赤ちゃんを知ろう!抱っこで歩くと泣き止むメカニズム
赤ちゃんを寝かしつけようと、抱っこして歩くと大人しくなってウトウトし始め、座ったらまた泣いてしまった。慌てて歩き出したらまた大人しくなった。なんて経験ありませんか!?
「ママ!さぼらないで歩いてよ~」と、思われているような気がしてしまいますね。
ここでは、そんな赤ちゃんの行動を解き明かした理研(理化学研究所)の脳科学研究センターによる研究結果を、解かりやすく解説いたします。
ついに科学的に証明された!赤ちゃんが泣き止む理由
ママが赤ちゃんを抱っこして歩くと、赤ちゃんは次第にリラックスして泣き止むことが科学的に証明されました。このような反応を「輸送反応」と言うそうです。
抱っこして歩かないと泣いてしまうのは、輸送反応が終わったことによる自然な反応であり、「さぼらないで~」と赤ちゃんが思っていたからではなかったようです。
ちなみに、輸送反応はママだけでなく、パパやその他の保護者でもみられるそうです。
理化学研究所による赤ちゃんとママを集めて行った実験結果によると、ママが抱っこで歩いている時は、座っている時に比べて泣く量が平均10分の1に、運動量は5分の1に減ることが分かりました。
また、ママが抱っこして歩き始めると、赤ちゃんの心拍数が3秒で下がることも明らかになりました。
運ばれると心拍数が下がる…つまりリラックス状態になることが証明されたのです。
抱っこして歩けば 赤ちゃんが泣きやむことを多くのママが知っています
理研による素晴らしい発見ではありますが、「そんなの知ってる」と思うママもいるかもしれません。
何故なら子育てをしていれば、抱っこして歩けば赤ちゃんは次第に泣き止むことを経験し、知っているからです。
しかし、今までの赤ちゃんの研究では、抱っこと泣きやむことは関係がないといされていたのです。
将来は子育てのストレスがなくなる!?
この研究結果により、これまであまり研究が進んでいなかった、赤ちゃんが泣きやむメカニズムが1つ証明されました。
このように、今後も赤ちゃんが泣きやむ方法がいくつも科学的に証明されれば、育児のイライラやストレスが減り、赤ちゃんとママ・パパが乳幼児期をさらに楽しく過ごせるようになるかもしれません。
ヒトだけじゃない!輸送反応がみられる哺乳類
ライオンやネコが赤ちゃんを口にくわえて歩く姿をテレビなどで見たことはありませんか?
哺乳類の赤ちゃんは首の後ろをくわえられると、大人しく丸まってしまいますよね。
そこで理化学研究所は、マウスやハツカネズミでの輸送反応も実験しました。すると、マウスの親が赤ちゃんを運び出すと、すぐに赤ちゃんマウスの心拍数は下がり、体を丸めて落ち着いたリラックス状態になることが分かりました。
哺乳類の赤ちゃんに輸送反応が見られるワケ
哺乳類の赤ちゃんに輸送反応が見られるのは、生き残るための本能が関係しているとされています。
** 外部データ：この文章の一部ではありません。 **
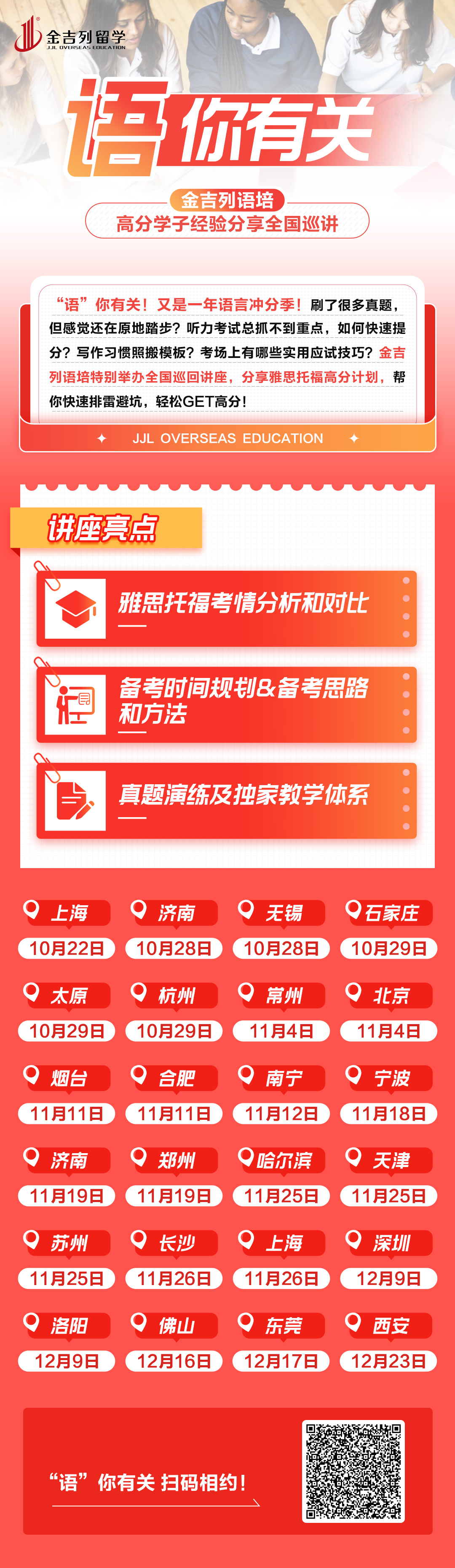 如果你想了解你目前的雅思托福水平,想考高分但不知道怎么做备考规划,那就别错过我们特别举办的“语”你有关--金吉列语培高分学子经验分享全国巡回讲座啦!讲座嘉宾将为你高效解决学习烦恼,帮你快速排雷避坑,轻松get高分!
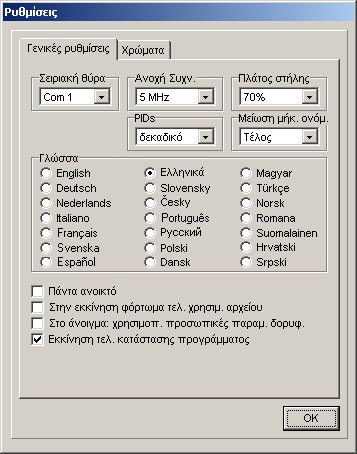 Εδώ μπορείτε να επιλέξετε γλώσσα, τη μορφή των PID (δεκαδική ή δεκαεξαδική) και της λίστας καναλιών, την ανοχή συχνότητας για την εισαγωγή άλλων μορφών(formats), και να ρυθμίσετε τα ports επικοινωνίας. Εξάλλου μπορείτε να αλλάξετε τη γραφή και τα χρώματα φόντου του SetEdit.

もし親にくわえられた状態で赤ちゃんが暴れたら、一体どうなるのでしょう?
親は子供を運びにくくなってしまいます。また、敵に襲われそうな危険な状況だったら…赤ちゃんは親に落とされたり、置いていかれたりと母子ともに命を危険にさらすことになります。
そのようなことにならないよう、哺乳類の赤ちゃんには運ばれるとおとなしくなる、輸送反応が備わっていると考えられています。
赤ちゃんは親に育児協力している!?
このような実験により「輸送反応」は赤ちゃんが親に示す愛着行動、つまり自分を運ぶ親への協力であると結論づけられました。子育ては親だけの力で成り立っているのではなく、赤ちゃんとの相互協力があって成り立っていると言えるでしょう。
生まれてからすぐに自分の力で生きることができない赤ちゃんは、親に温めてもらったり、おっぱいやミルクをもらったり…と誰かのお世話がなければ生き続けられません。
それ故に、本能的に親との良好な人間関係を築き、生き続けようとしていると考えられます。輸送反応をはじめ、ママやパパの顔を覚え慕って人見知りや後追いをしたり、微笑んだり、泣いたりしてアピールするのは、全て生き続けるための子育てへの協力(愛着行動)と言えるのです。